―異質― 日本国の有事防衛組織、その異世界を巡る叙事詩《邂逅の編》 作:えぴっくにごつ
それから、小隊の3分隊と第37騎士隊の隊兵達が砦へと到着し合流。
負傷者の手当てや、人質となっていた者達の保護、わずかだが投降して来た敵兵の拘束。そして何より犠牲となった者達の遺体の回収。そういった類の戦闘後処理が始まった。
特に、敵味方共に多数の犠牲者を出したがために、遺体の回収作業にはかなりの手間と時間、人員を要し、最低限の分別と安置が成された頃には、戦闘終結から半日が経過。すでに日が沈む時刻となっていた。
薄暗くなった砦の中では、手空きの者が各所に灯りを灯して回る姿が見える。
「……よし、点いた」
そして砦の三階の一室では、第37騎士隊隊長のザクセンが、机の上に置かれたランプに火を灯した所であった。

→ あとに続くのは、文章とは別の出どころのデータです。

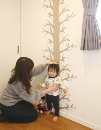 こちらの好みに合わせて壁紙や照明の提案して頂いたので、満足感の高いデザインになりました。子供の身長が測れる壁紙は、家族の大切な思い出になりそうです。
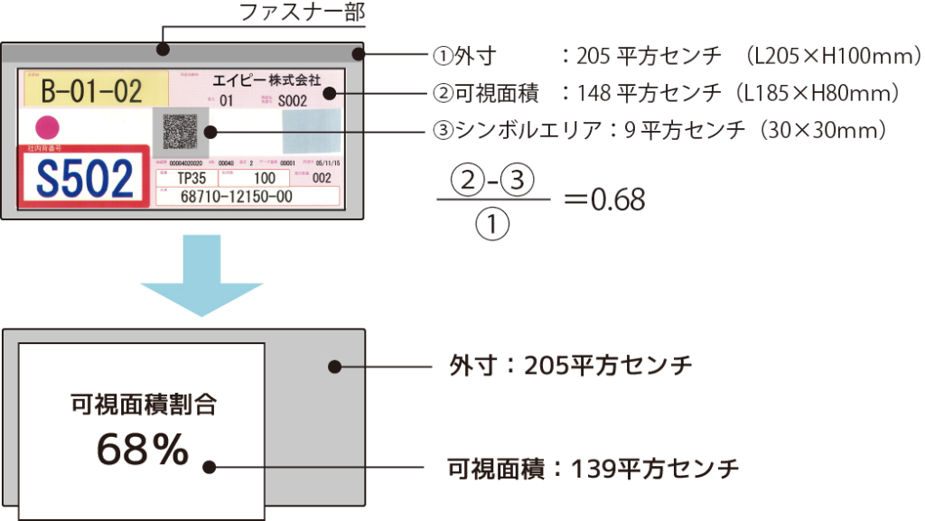 媒体の外寸に対する可視面積(印刷可能エリア)を比較します。 ※シンボル印刷エリアは可視エリアではないため差し引きます。
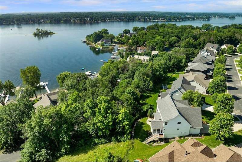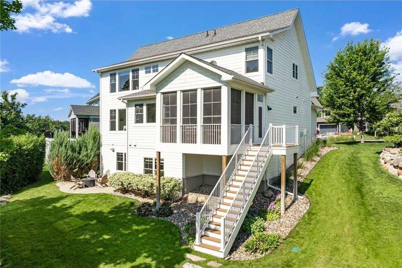 Custom 2-story home on over 1/2 acre near Prior Lake! Meticulously maintained, like new, excellent condition! Architecture by David Charlez Designs. Close to Sand Point Beach. 5 bedrooms with one on the main level. Attention to detail throughout. Enameled millwork, rustic hardwood floors, oversized windows to maximize the views. Main floor features an open floor plan, Quartz countertops, subway tile backsplash, large center island, shiplap accent walls, 19-foot foyer, walk in pantry, 3-season porch with a vaulted ceiling. Surround sound throughout the home and back yard.
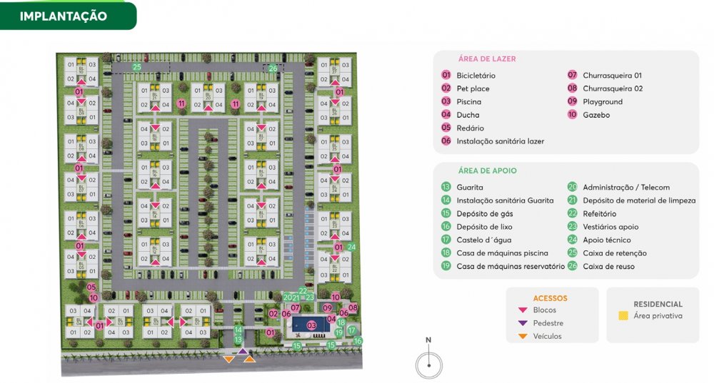 Unidades: 436 unidades em 27 blocos sendo 1 bloco com 5 pavimentos e 26 blocos com 4 pavimentos
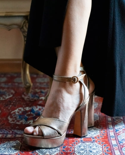 Venus combina tiras amplias que abrazan el pie con suavidad y seguridad, creando un ajuste cómodo y elegante. La pulsera en el tobillo añade estabilidad, equilibrando cada paso con confianza.
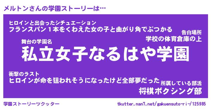 | ヒーロー風カッコイイあだ名 | 『スーパーメルトン』『銀牙騎士メル』 |
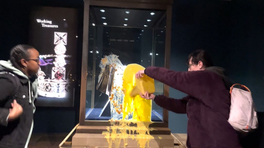 In Londen zijn vier activisten aangehouden vanwege het besmeuren van de vitrine van de Keizerlijke Staatskroon. Op beelden is te zien dat twee jongeren custard en kruimeldeeg tegen het glas gooien. Bezoekers van het museum in de Tower of London reageerden geschrokken.
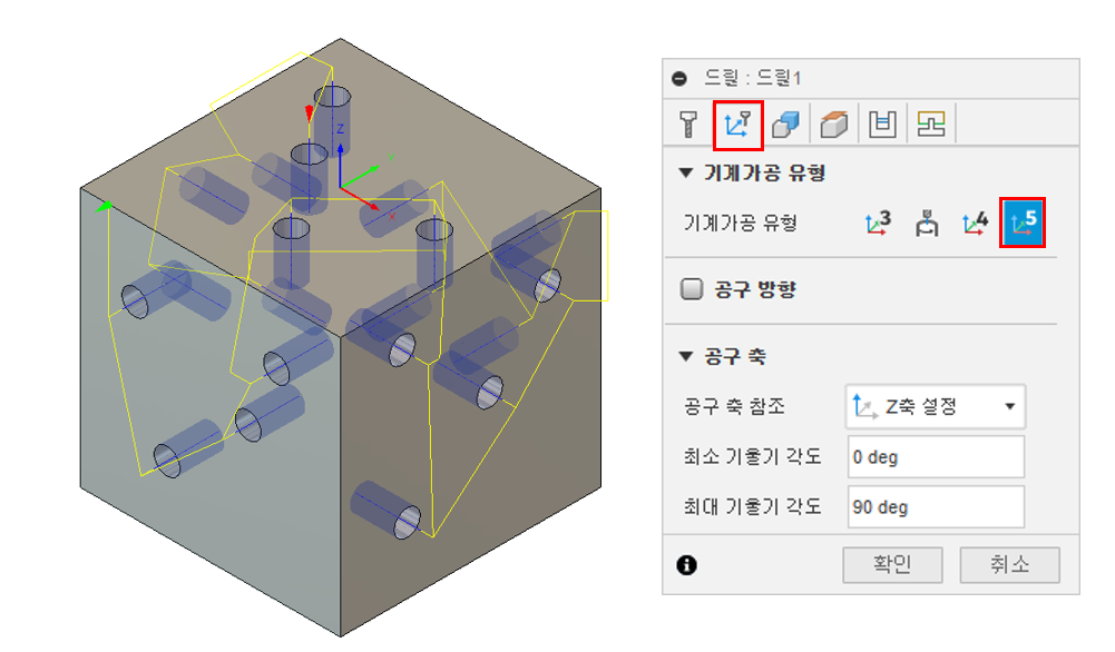 - 공구 자세 결정: CAM 시스템은 최적의 가공을 위해 공구 홀더와 공작물 간의 간섭을 피하면서, 공구가 각 홀의 중심 축에 수직으로 접근할 수 있도록 5축 회전 각도를 계산합니다.
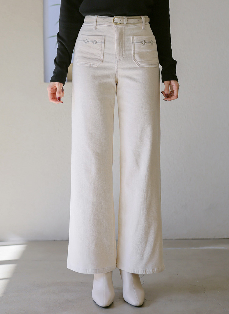 포켓 자수로 세련된 포인트를 준 세미와이드 팬츠에요 :)
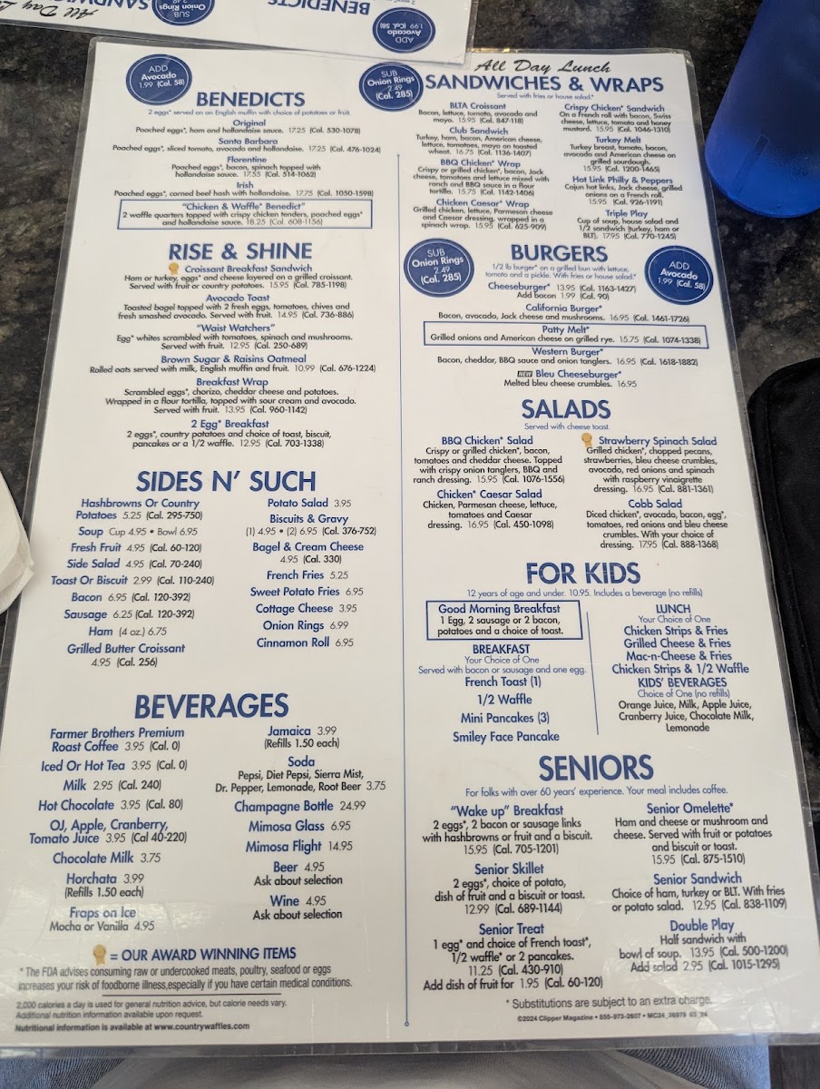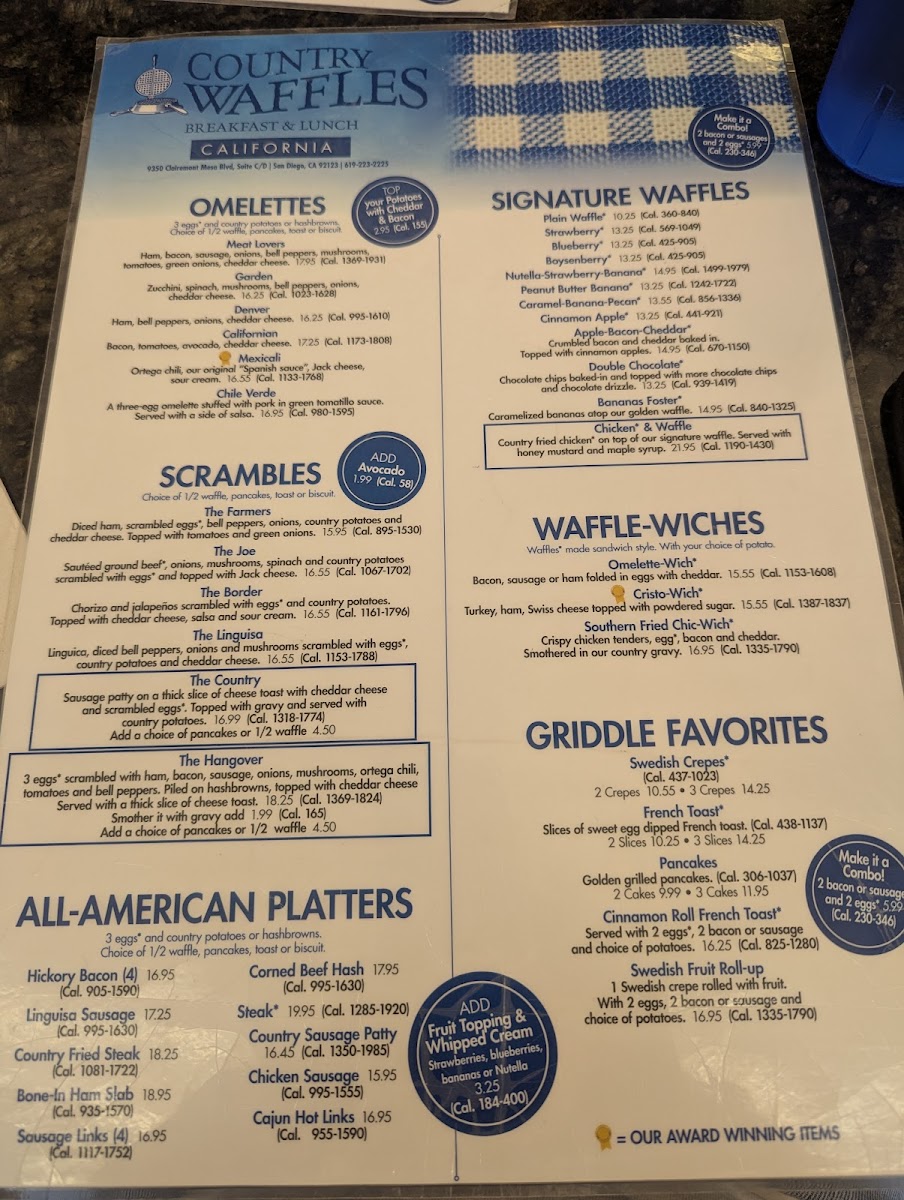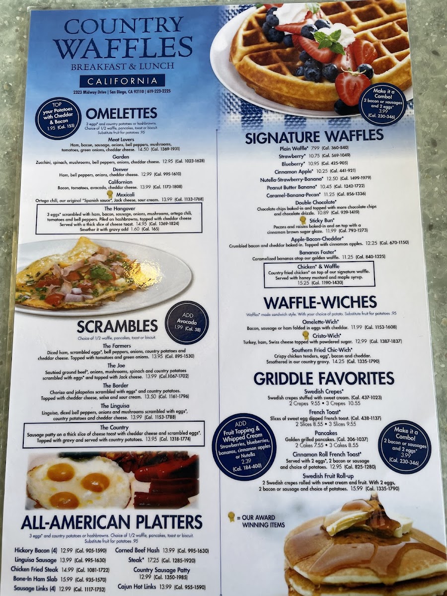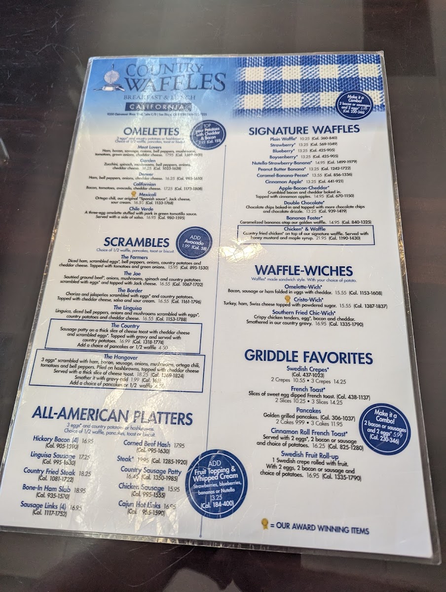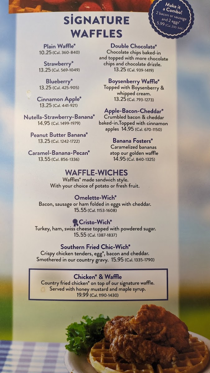 Cal. 1190-1430. Country fried chicken on top of our signature waffle. Served with honey mustard and maple syrup.

一室は、現在かく作業の指揮を取るための指揮所として使われており、その場にはザクセンの他に、37隊の書記の少女や数名の隊兵。そして鷹幅の姿もあった。
「すみません、中断して」
「いえ。じゃあ、続けてくれるかな」
火を灯し終えたザクセンの言葉に鷹幅は返すと、側に立っていた書記の少女に促す。
鷹幅達は、書記の少女から各種報告を聞いている最中であった。
「はい。では、こちらの被害ですが、亡くなった方が38名、重軽症者が合わせて60名程。そのほとんどが第1騎士団の方達です……」
「そうか……人質となっていた商隊や旅人、砦の駐留兵の方は?」
「衰弱こそしていましたが、人質となっていた人達に犠牲者はありませんでした」
「不幸中の幸いか……」
そう言ってみたザクセンだが、その顔は酷く曇ったものであった。
「……敵の情報は、どれくらい判明した?」
ザクセンは首を軽く振るうと、書記に向けて次の情報を求める言葉を紡ぐ。
「装備から見るに、おそらく雲翔の王国の部隊と思われます。ただ、正規の部隊なのか、離反兵なのかはまだ……」
「正規の部隊だとは、思いたくないな……」
書記の少女の説明を聞き、呟くザクセン。
「すみません。その、雲翔の王国というのは?」
「あぁ、この地翼の大陸に東北の国です――」
そこへ言葉を挟み尋ねた鷹幅に、ザクセンは説明する。
雲翔の王国とは、いま現在隊がいるこの地翼の大陸の東北に、広大な領地を持つ大陸であるという。五森の公国との位置関係は、隣国である雪星瞬く公国を挟んでさらに向こう側に位置するとのことであり、今回攻め込んで来た部隊は、間にある雪星瞬く公国を通過して、攻め入って来たのであろうと、ザクセンは予測の言葉を発して見せた。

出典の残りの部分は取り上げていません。